Task requirements: Below are the entries to work from; restate word for word the portion that opens with the line containing "شكل (٢) يوضح" and closes with the line containing "كما يوضح الرسم", keeping both.

Data entries:
· · · ·

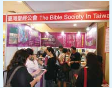
▲ 10/22~27 台北基督教書展
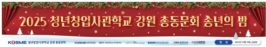
청년창업사관학교 송년의밤 키비주얼 제작
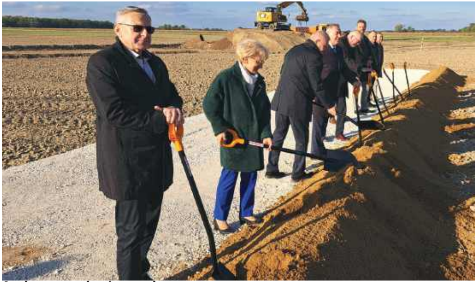
A tak to wszystko się zaczęło...
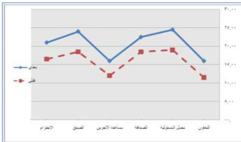
شكل (٢) يوضح قيم الوسيط للمجموعة التجريبية في القياسين القبلي والبعدي للقيم الاجتماعية

كما يوضح الرسم البياني التالي قيم الوسيط لعينة الدراسة في القياسين (القبلي، والبعدي) للقيم الاجتماعية
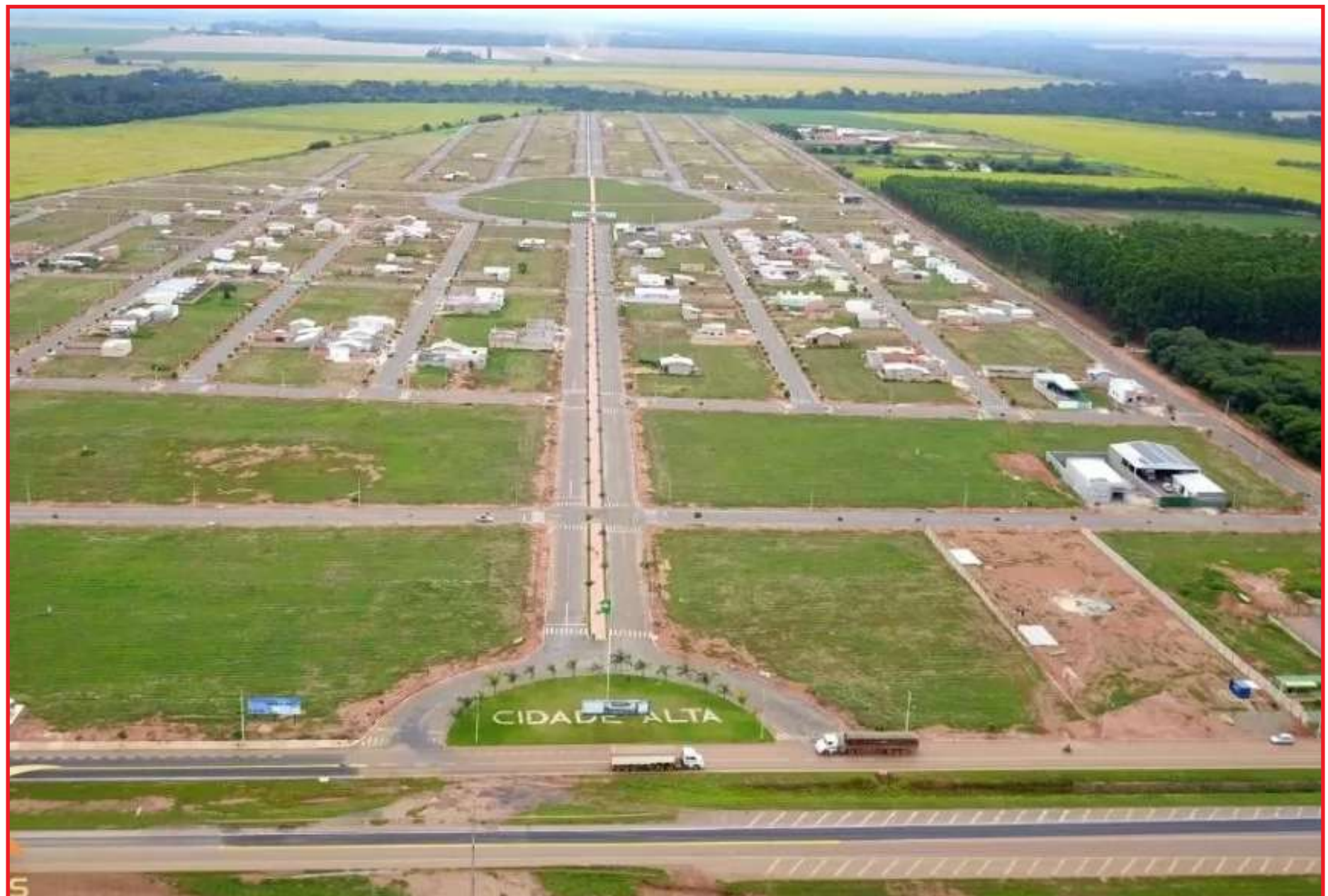
Mesmo depois de morar em tantos lugares, algumas pessoas escolhem construir a casa própria

Ter uma poupança e usar o dinheiro guardado. Financiamentos fornecidos por algumas empresas de loteamento. Consórcio, em que o comprador pode fazer uma poupança e ao mesmo tempo concorrer em um sorteio. Financiamento direto com bancos públicos

· · · ·

Solved exercise:
شكل (٢) يوضح قيم الوسيط للمجموعة التجريبية في القياسين القبلي والبعدي للقيم الاجتماعية

كما يوضح الرسم البياني التالي قيم الوسيط لعينة الدراسة في القياسين (القبلي، والبعدي) للقيم الاجتماعية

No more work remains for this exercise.